> _SUPPLIED RECORDS_
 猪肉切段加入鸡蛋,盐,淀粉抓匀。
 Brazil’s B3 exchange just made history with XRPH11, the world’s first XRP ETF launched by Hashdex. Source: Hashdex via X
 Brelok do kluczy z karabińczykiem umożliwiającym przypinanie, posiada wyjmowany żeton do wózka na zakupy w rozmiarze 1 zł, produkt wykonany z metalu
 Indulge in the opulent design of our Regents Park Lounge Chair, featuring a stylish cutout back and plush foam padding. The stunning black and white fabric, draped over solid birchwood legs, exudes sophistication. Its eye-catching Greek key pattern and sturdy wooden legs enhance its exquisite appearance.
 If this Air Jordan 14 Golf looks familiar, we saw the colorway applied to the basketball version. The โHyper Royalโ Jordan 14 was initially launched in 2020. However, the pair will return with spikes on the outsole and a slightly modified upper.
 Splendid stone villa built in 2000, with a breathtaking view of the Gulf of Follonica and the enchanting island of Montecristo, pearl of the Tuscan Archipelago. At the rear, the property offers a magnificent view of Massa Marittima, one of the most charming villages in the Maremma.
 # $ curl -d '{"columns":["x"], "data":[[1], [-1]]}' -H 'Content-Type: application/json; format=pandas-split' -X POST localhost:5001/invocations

> _WORK INSTRUCTION_
Print all records shown above, word for word.

> _REPLY TO THE EXERCISE_
 猪肉切段加入鸡蛋,盐,淀粉抓匀。
 Brazil’s B3 exchange just made history with XRPH11, the world’s first XRP ETF launched by Hashdex. Source: Hashdex via X
 Brelok do kluczy z karabińczykiem umożliwiającym przypinanie, posiada wyjmowany żeton do wózka na zakupy w rozmiarze 1 zł, produkt wykonany z metalu
 Indulge in the opulent design of our Regents Park Lounge Chair, featuring a stylish cutout back and plush foam padding. The stunning black and white fabric, draped over solid birchwood legs, exudes sophistication. Its eye-catching Greek key pattern and sturdy wooden legs enhance its exquisite appearance.
 If this Air Jordan 14 Golf looks familiar, we saw the colorway applied to the basketball version. The โHyper Royalโ Jordan 14 was initially launched in 2020. However, the pair will return with spikes on the outsole and a slightly modified upper.
 Splendid stone villa built in 2000, with a breathtaking view of the Gulf of Follonica and the enchanting island of Montecristo, pearl of the Tuscan Archipelago. At the rear, the property offers a magnificent view of Massa Marittima, one of the most charming villages in the Maremma.
 # $ curl -d '{"columns":["x"], "data":[[1], [-1]]}' -H 'Content-Type: application/json; format=pandas-split' -X POST localhost:5001/invocations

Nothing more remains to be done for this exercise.